TASK TO COMPLETE.
Using the material below, return exactly the lines between the one holding "Canon i-Sensys MF416dw" and the one holding "Russia, May 15, 2021: seller", inclusive, and no others.

---------- INPUT

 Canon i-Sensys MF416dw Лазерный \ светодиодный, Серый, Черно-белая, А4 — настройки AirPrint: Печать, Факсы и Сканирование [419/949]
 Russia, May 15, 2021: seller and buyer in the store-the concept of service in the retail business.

--------------------
---------- INPUT

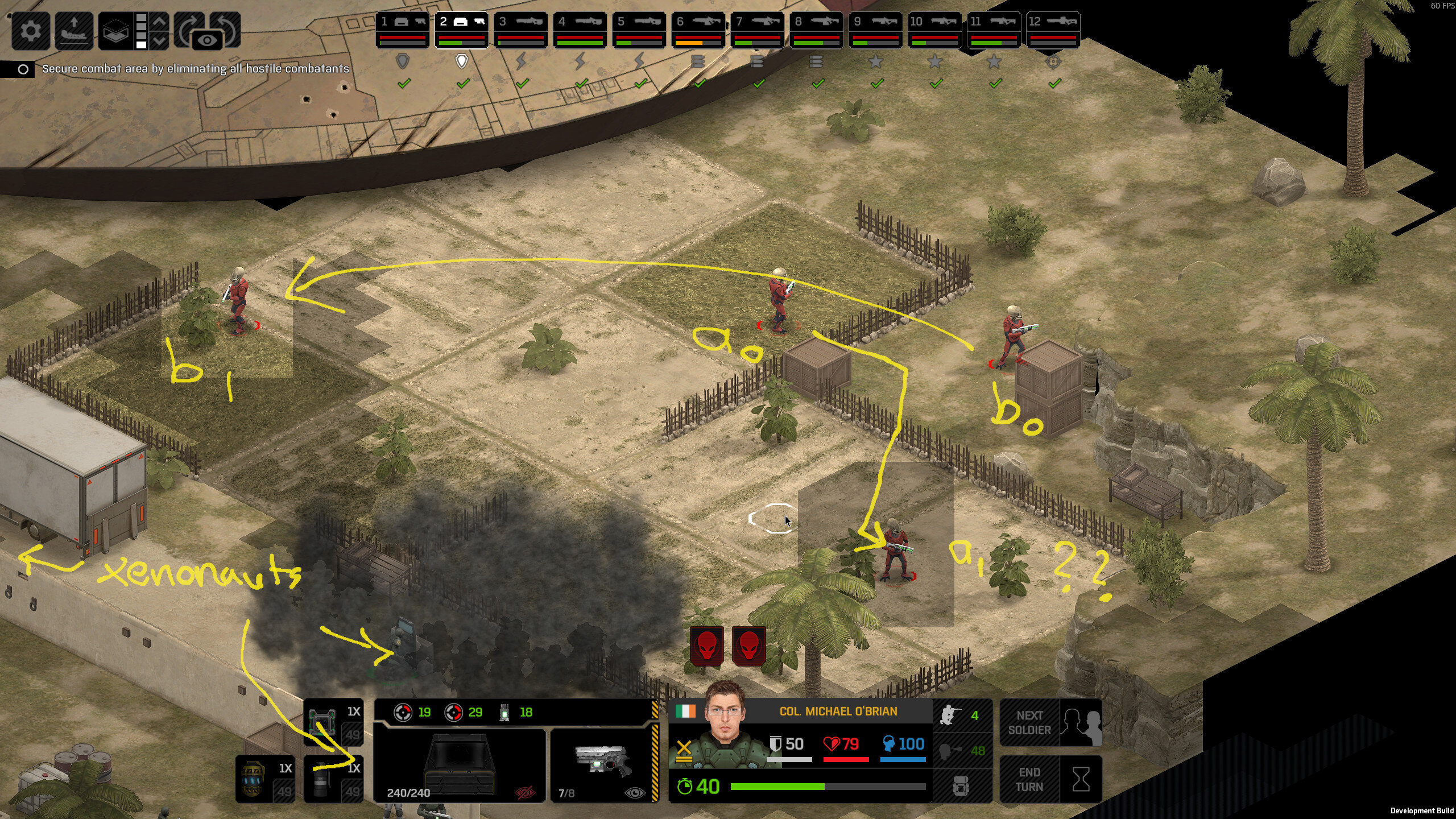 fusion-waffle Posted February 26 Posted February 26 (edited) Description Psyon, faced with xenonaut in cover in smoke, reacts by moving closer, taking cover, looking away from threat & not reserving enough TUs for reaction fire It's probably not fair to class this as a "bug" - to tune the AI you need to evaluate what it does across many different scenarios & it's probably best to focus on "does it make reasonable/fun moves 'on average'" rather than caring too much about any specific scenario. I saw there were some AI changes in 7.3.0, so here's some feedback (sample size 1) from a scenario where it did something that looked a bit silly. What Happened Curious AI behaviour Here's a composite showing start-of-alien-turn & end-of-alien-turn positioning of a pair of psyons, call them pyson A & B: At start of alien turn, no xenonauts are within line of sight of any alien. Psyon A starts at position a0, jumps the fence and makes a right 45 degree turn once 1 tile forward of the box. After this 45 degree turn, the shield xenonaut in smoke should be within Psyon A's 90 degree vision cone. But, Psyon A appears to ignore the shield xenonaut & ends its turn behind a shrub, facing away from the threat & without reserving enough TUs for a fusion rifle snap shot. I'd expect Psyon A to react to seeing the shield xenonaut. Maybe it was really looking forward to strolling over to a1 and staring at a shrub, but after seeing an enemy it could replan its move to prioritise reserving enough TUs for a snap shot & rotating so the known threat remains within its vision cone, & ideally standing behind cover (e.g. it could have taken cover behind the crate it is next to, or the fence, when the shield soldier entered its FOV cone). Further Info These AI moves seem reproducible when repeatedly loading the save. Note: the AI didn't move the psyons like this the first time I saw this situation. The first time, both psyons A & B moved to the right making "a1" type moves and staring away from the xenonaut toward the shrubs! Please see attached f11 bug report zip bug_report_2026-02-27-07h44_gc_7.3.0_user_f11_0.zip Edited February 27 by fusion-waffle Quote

--------------------

ANSWER TO THE EXERCISE.
 Canon i-Sensys MF416dw Лазерный \ светодиодный, Серый, Черно-белая, А4 — настройки AirPrint: Печать, Факсы и Сканирование [419/949]
 Russia, May 15, 2021: seller and buyer in the store-the concept of service in the retail business.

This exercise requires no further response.